Simbol identitas yang tetap dijaga di tengah upaya pemusnahan.

Raut kebahagiaan terpancar di wajah ribuan keluarga dan kerabat yang hadir. Bagi mereka, pernikahan massal ini menjadi jendela harapan.

Sebuah kesempatan untuk kembali merasakan sukacita setelah masa panjang yang dipenuhi darah dan air mata.

Namun, kebahagiaan itu bercampur dengan kesedihan yang tak terucap.

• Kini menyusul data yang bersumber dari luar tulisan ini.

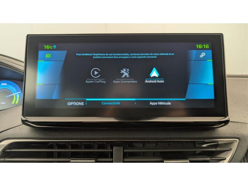 6 airbags (Frontaux adaptatifs, latéraux AV, rideaux AV/AR)Accès et démarrage mains libresAccoudoir central AV à ouverture papillon, avec compartiment de rangement éclairé et réfrigérableAir conditionné automatique bi-zone avec aérateurs aux places ARAppuis-tête à sécurité optimisée réglables en hauteur (conducteur, passager et AR x3)Avertisseur de temps de conduiteAvertisseur sonore audible depuis l'extérieur pour la sécurité piétonsBanquette AR rabattable 1/3 - 2/3 avec accoudoir centralCâble de recharge T2 mode 2 (10 A / 2,3 kW)Calandre á damiers chromésCoques de rétroviseurs extérieurs Noir Perla NeraDétection de sous-gonflage indirecteDirection assistée électrique, colonne de direction réglable en hauteur et profondeur (mécanique)Enjoliveur d'arc de pavillon en Inox BrillantEnjoliveurs d'ailes AV chromésFeux AR à LED avec effet 3D, clignotants à défilementFixations ISOFIX (passager AV et aux places latérales AR)Fonction "Mirror Screen" (Apple CarPlay / Android Auto )Frein de stationnement électrique avec aide au démarrage en pente et serrage automatiqueGarnissage TEP avec Tissu Colyn MistralJantes alliage 18" diamantées DETROIT bi-ton Gris Storm brillant avec pneumatiques 225/55 R18 102 VKit de dépannage de pneumatiqueLève-vitres AV/AR électriques et séquentiels avec antipincementNavigation 3D connectée avec écran tactile capacitif 10" HDPack City : Aide graphique et sonore au stationnement AR Visiopark 1 : caméra de recul avec restitution sur l'écran tactile d'une vue AR et d'une vue de dessus de l'environnement AR du véhiculePack Safety Plus : Alerte Risque de Collision (Distance Alert) Alerte attention conducteur Commutation automatique des feux de route / feux de croisement Alerte active de franchissement involontaire de ligne et bas côté Freinage d'urgence automatique avec caméra & radarPack Visibilité : Eclairage d'accompagnement automatique Allumage automatique des feux de croisement Essuie-vitre AV à déclenchement automatiquePares-soleil avec miroirs de courtoisie éclairésPassages de roues rapportés Noir MatPEUGEOT Connect SOSPeugeot i-Cockpit avec combiné tête haute numérique, volant compact multi-fonctionsPlafonniers AV/AR à LED avec 2 spots de lecturePlancher de coffre fixe avec articulation pour accès au coffre de rangement du câble de rechargePoches/filets aumonières au dos des sièges AVPrise 12 V (x3 : zone connectique, AR de console et coffre)Projecteurs "Peugeot LED Technology" avec feux diurnes à LED sous projecteursRétroviseur intérieur photosensibleRétroviseurs extérieurs dégivrants avec réglage et rabattement électriquesReconnaissance étendue des panneaux de signalisationSécurité enfants électrique des vitres ARSélecteur de modes de conduite (Electric, Hybrid, Sport)Sièges AV réglables en hauteurTeintes métalliséesVitres latérales AR et lunette AR chauffante surteintées

Banyak dari pengantin dan tamu undangan adalah korban selamat dari serangan-serangan mematikan pasukan Israel yang merenggut nyawa anggota keluarga mereka, menghancurkan rumah, dan memutus masa depan yang pernah mereka bayangkan.

Pernikahan sebagai pesan kehidupan

Salah satunya adalah Muhammad Al-Shafii, seorang pengantin pria yang kini hidup sebagai pengungsi setelah kehilangan seluruh keluarganya.

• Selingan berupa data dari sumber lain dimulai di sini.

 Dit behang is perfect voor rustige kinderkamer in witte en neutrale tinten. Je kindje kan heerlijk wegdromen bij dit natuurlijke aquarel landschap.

Kepada Al Jazeera Net, ia mengatakan bahwa partisipasinya dalam pernikahan massal ini adalah bentuk perlawanan paling sederhana namun paling bermakna: pesan tentang kehidupan dan tekad untuk tetap bertahan.

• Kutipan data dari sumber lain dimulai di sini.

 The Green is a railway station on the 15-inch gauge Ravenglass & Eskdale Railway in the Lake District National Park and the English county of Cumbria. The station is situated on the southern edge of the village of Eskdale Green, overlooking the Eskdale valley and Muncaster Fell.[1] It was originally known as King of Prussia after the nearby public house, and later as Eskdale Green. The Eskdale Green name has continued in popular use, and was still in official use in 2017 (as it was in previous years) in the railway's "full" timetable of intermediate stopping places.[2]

Nada serupa disampaikan Ahmad Shlalil.

“Meski darah dan kehancuran ada di mana-mana, kami tetap bersikeras memegang setiap kesempatan untuk merasakan kegembiraan dan kebahagiaan,” ujarnya.

Dengan mata berbinar, Muhammad Abu Taita menggambarkan pernikahannya sebagai “kebahagiaan yang istimewa”.

Ia menilai inisiatif-inisiatif amal semacam ini sangat membantu generasi muda Gaza untuk berani menikah, terutama di tengah keterpurukan ekonomi akibat perang yang belum benar-benar usai.

Memanfaatkan situasi yang relatif lebih tenang setelah penandatanganan kesepakatan gencatan senjata pada 10 Oktober lalu, warga Gaza berupaya menata kembali kehidupan mereka. Minat untuk menikah pun meningkat.

Sekitar 2 pekan sebelumnya, 54 pasangan juga mengikuti pernikahan massal serupa di kawasan Al-Mawasi, sebelah barat Khan Younis, yang diselenggarakan oleh lembaga kemanusiaan Al-Faris Al-Shahim 3.

Harapan yang bertahan di tengah luka

Koordinator media acara tersebut, Alaa Abdul Fattah, mengatakan kepada Al Jazeera Net bahwa selama perang, pendudukan Israel berusaha “mengeksekusi dan menghancurkan seluruh tanda-tanda kehidupan di Gaza”.

“Hari ini, kami datang untuk menghidupkan kembali harapan akan kehidupan dan masa depan,” ujarnya.

Pernikahan massal yang menyatukan 203 pasangan ini, kata dia, mengirimkan pesan yang jelas: warga Palestina di Gaza layak untuk hidup.

“Ini adalah pernyataan bahwa kami adalah bangsa yang mencintai kehidupan, sejauh apa pun kami mampu meraihnya,” tambahnya.

Menurut Abdul Fattah, inisiatif-inisiatif seperti ini membawa kebahagiaan yang menyebar dari satu rumah ke rumah lain, dari satu jalan ke jalan berikutnya—mengusir, meski sejenak, bayang-bayang duka yang selama dua tahun menyelimuti Gaza dengan darah dan kehancuran.